Tenants make up 32% of households in Canada, according to the 2016 census, and many businesses rent out their brick and mortar locations.

CIBC economist Benjamin Tal estimates that around 70% of rent due in April is collected, based on preliminary information.

“The focus is now shifting to May and to the provincial government which, except British Columbia (BC), has not formalized any policies regarding tenants,” Tal said in a research note.

Restaurant Canada, the national industry lobby group, estimates that 10% of restaurants have been permanently closed throughout the country, and another 18% will be permanently closed within a month if current conditions continue.

“This is a massacre, (a) the bloodshed of business,” said Daniel Lefebvre, regional vice president of the Canadian Restaurant, noting that many landlords would negotiate in April, but the good intentions might not continue. “If this lasts for four or five months, we need to take other actions.”

Ottawa offers a one-year interest-free loan of up to $ 40,000 ($ 28,347) to small businesses but has not yet proposed specific rental measures. The eviction of housing in BC, Alberta and Ontario has been stopped, and the prime ministers of Alberta and Ontario say they expect landlords to understand the situation facing businesses and tenants.

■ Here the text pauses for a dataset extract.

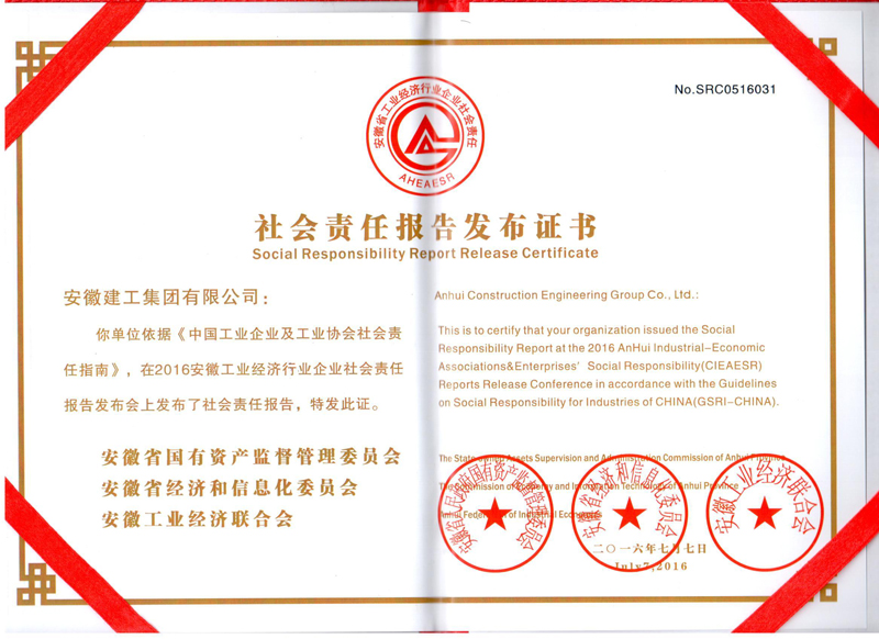 2016年7月7日上午,由安徽省國資委、省經(jīng)信委和安徽省工業(yè)經(jīng)濟(jì)聯(lián)合會(huì)聯(lián)合召開的“2016安徽省企業(yè)社會(huì)責(zé)任報(bào)告發(fā)布會(huì)”在合肥召開。安徽建工集團(tuán)首次參加發(fā)布會(huì),并在會(huì)上發(fā)布了集團(tuán)公司2015年度社會(huì)責(zé)任報(bào)告。集團(tuán)公司副總經(jīng)理、黨委委員霍向東出席發(fā)布會(huì)。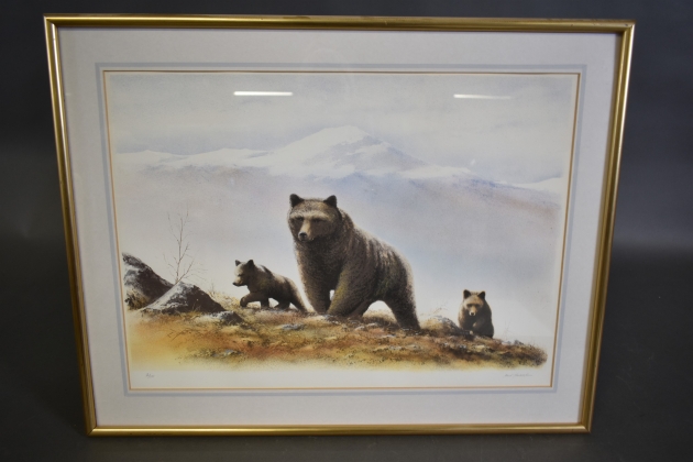 16657. Arne Anderson litografi, "Björn med ungar", yttermått 70x55 cm

Federal loans aren’t enough for small businesses, said Sammy Piccolo, who owns eight coffee shops in Lower Mainland, noting that taking more debt isn’t ideal.

“Everything must be forgotten,” Piccolo said. “Nobody has to owe anyone until we get through this crisis.”

The main landlords of RioCan Real Estate Investment Trust and Choice Properties Real Estate Investment Trust, offer 60 days of deferral leases, some automatic.

RioCan and Choice counts wholesale retailers such as Loblaw Cos and Cineplex film chains among their tenants.

The CEO of the Canadian Independent Business Federation Dan Kelly said that apart from provincial and federal reductions in property taxes and rental subsidies would only delay bankruptcy, not avoid it.

Canadian restaurant owner Jen Agg, who owns five restaurants and bars in Toronto, said he would not pay rent for his business.

“We have wiped out all unnecessary expenses, but the big one is inevitable: rent,” he wrote in the Globe and Mail newspaper column. “How can I pay rent when I have no income?”